Anyone know of a company in the Willamette valley or southern Washington area that might do custom work on canvas tents? I would like to add some sort of storage loops to the interior of this tent, and I have a couple of other ideas as well I would like to check out.

If you like this style of tent, I don't think you could go wrong with either company.
 

Alex MacDonald

that's His Lordship, to you.....
#28
couple of years ago, my good friend Jan Uchytil (Jan the Bear) decided to pop for a used wall tent. That was the year of the big fire near Ellensburg on Blewett Pass, and we had our cook tent plus another little tent already set up for elk camp near the top of the pass. Damned forest service shut off every access so we couldn't get our tent out, and then it began to snow. We lost everything there, so we decided to go up the Icicle (complete waste of time!).

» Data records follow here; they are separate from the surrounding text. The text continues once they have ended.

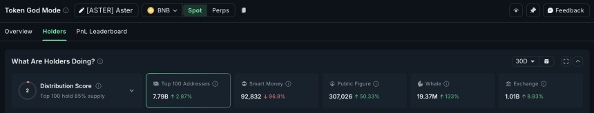 Aster (ASTER) is almost flat in 30 days, up 0.9%, but the whale signal is even stronger. Whale holdings jumped 133%, and top-tier addresses added 2.87% more supply. Retail wallets continue to sell (exchange netflows in green), but whales positioning early is usually the first sign of a sector turning before price follows.
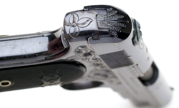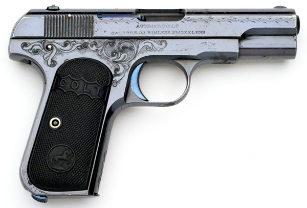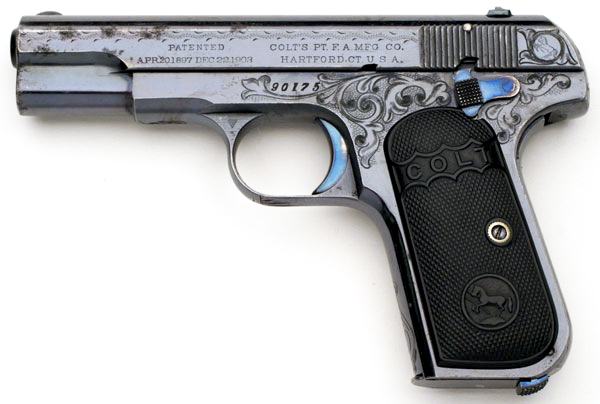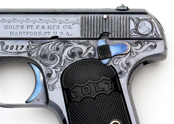 Factory "A" Engraved Colt Model M .32 ACP - serial number 90175.  Pistol was shipped blued, factory engraved with hard rubber grips.  An unusual example as it contains all early Type III features even though it's in the Type II serial number range (approx. 72,000 - 105,000).  Pistols in this range typically have a 3 3/4" barrel with separate barrel bushing.
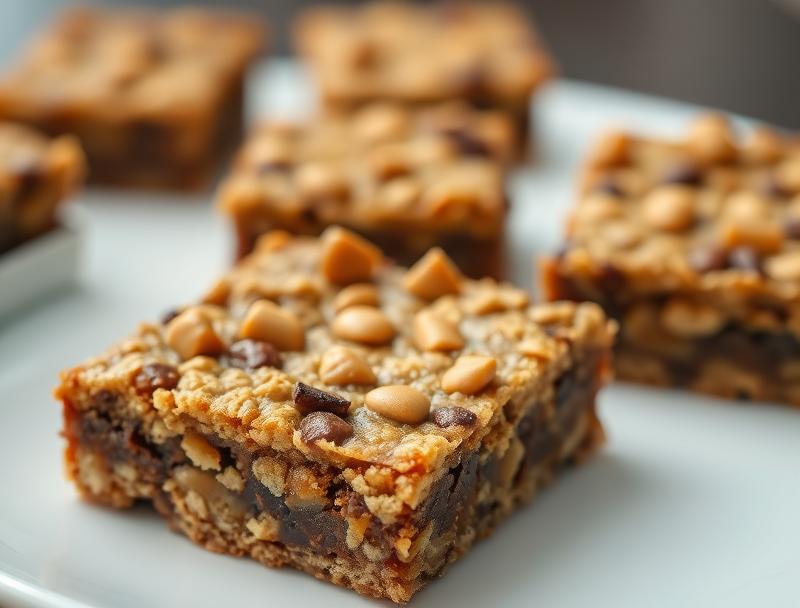 A delicious dessert combining oatmeal, chocolate, and caramel in layered bars.

Jan's tent had a sewn-in floor, so we had to assemble the frame, stake out the tent, and with 4 guys, try to slide the frame inside. MUCH easier said than done! Yeah, it was nice and warm, and dry since it poured all week, but.....Mr. Bear decided to sell the tent immediately afterward. It was incredibly difficult to put that frame in and out of the damn thing. I had my little A-frame popup trailer, and was comfy the entire time. And when we had to break camp, all I had to do was drop the walls and boogie!
 
#29
I am wondering about floor seams on the kodiak vs springbar. Springbar has stitched seams and kodiak has welded seams. For you guys out there who have had yours for some years, what's your observation. Are the welded seams holding up ok? I'm not worried about stitched seams. The welded ones I'm not sure about for long term longevity. Like to hear some feedback:)
 
#30
I own two Springbar tents (Traveler 5, and Colossus) and a Kodiak 9x12 cabin tent with wall enclosure. I have been in bad weather in all the tents.. including snow. I agree the Kodiak has a thicker floor but I always use a ground tarp and a floor drop cloth inside the tent so that difference is not a deal breaker for me. The Kodiak tents have their waterproofing sprayed on the tent vs the Springbar (non Highline version of the tent) made in Utah where the canvas is completely soaked twice in the waterproofing which means better long term protection from the elements. The Springbar Highline tents are made in China and not Utah and use the same spray on method of water proofing as the Kodiak tents. Both tents are very well made and should last decades when stored correctly. I was able to get my Springbar Colossus tent customized by contacting their factory direct so keep that in mind. You wont have that option when buying a Kodiak tent. Plus the Springbar warranty local to Utah and the ability to obtain parts more local than China could be a deal breaker for some. I think the metal stake loops in the Springbar are far superior than the Kodiak stitched cloth stake loops in keeping the tent in one place during bad weather. For my Springbar Travelr 5 I now use 12" large lag bots and washers and a cordless drill to secure this tent in the ground and the metal stake loops in the Springbars work perfect for that. Cuts down on set up time. Over all if I had to choose one tent for my family and cost was not an option then I would go Springbar (local life time warranty, customization possible, better waterproof method, & metal stake loops). If you wanted to save some $$$ and a small drop in quality which might not show up for decades then go with Kodiak. No matter which tent you choose they both will be better in bad weather than most tents out there and they will last for decades. Warning if you do choose Springbar remember they make their tents by hand in batches so it could take 4-7 weeks before you get your tent. If you are in need of a tent quicker than that then Kodiak would be a better option. Happy camping!!!